OpenAI’s free and easy-to-use ChatGPT helped to popularize the use of artificial intelligence (AI) among consumers.
ChatGPT and other large language AI models are powered in part by machine learning, a subfield of AI that makes it possible for computer programs to learn through the use of algorithms and statistical models.
As companies such as Alphabet’s Google (GOOG) and Microsoft (MSFT) continue to make headway in the development of AI, they hire hundreds of engineers specializing in machine learning. As demand for AI in popular, consumer-facing applications continues to grow, demand for machine learning engineers increases proportionally.
Pay can be very lucrative for the AI techs that create, train, and maintain machine learning programs. But just what exactly is machine learning, how can people find work in this rapidly growing field, and how much do machine learning engineer positions pay?
Related: How to invest in AI: From individual stocks to ETFs
What is machine learning?
Machine learning is a field of AI in which algorithms and statistical models are used to allow computers to learn from patterns and relationships in large sets of data such that they can formulate predictions or make decisions.

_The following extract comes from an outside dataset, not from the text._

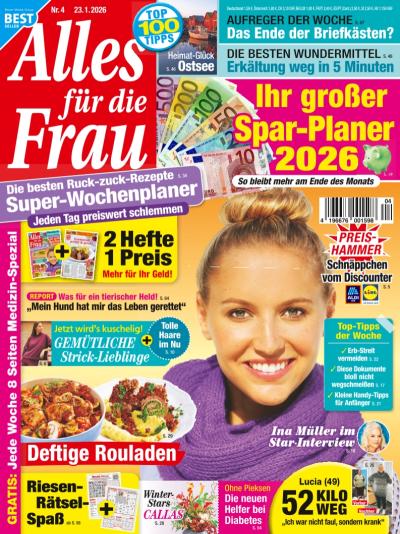 Alles für die Frau ist die wöchentliche Ratgeber-Zeitschrift für Gesundheit, Ernährung, Kochen, Backen, Mode, Schönheit und Wohnen. Im Abonnement kommt Alles für die Frau direkt zu Ihnen nach Hause.

In ChatGPT, for example, the program learns from prior text to form succeeding text to create a complete sentence. Over time, the program receives a large number of similar inquiries, allowing it to learn from previous inputs and improve its responses.
Every time you use Apple’s (AAPL) Siri assistant to make an inquiry or engage the facial recognition software on your iPhone, the machine-learning algorithms that power these features incorporate this new data to improve future responses.
Similarly, Meta Platform’s Facebook (META) utilizes machine learning to monitor users’ activities to improve the individualization of its targeted advertising.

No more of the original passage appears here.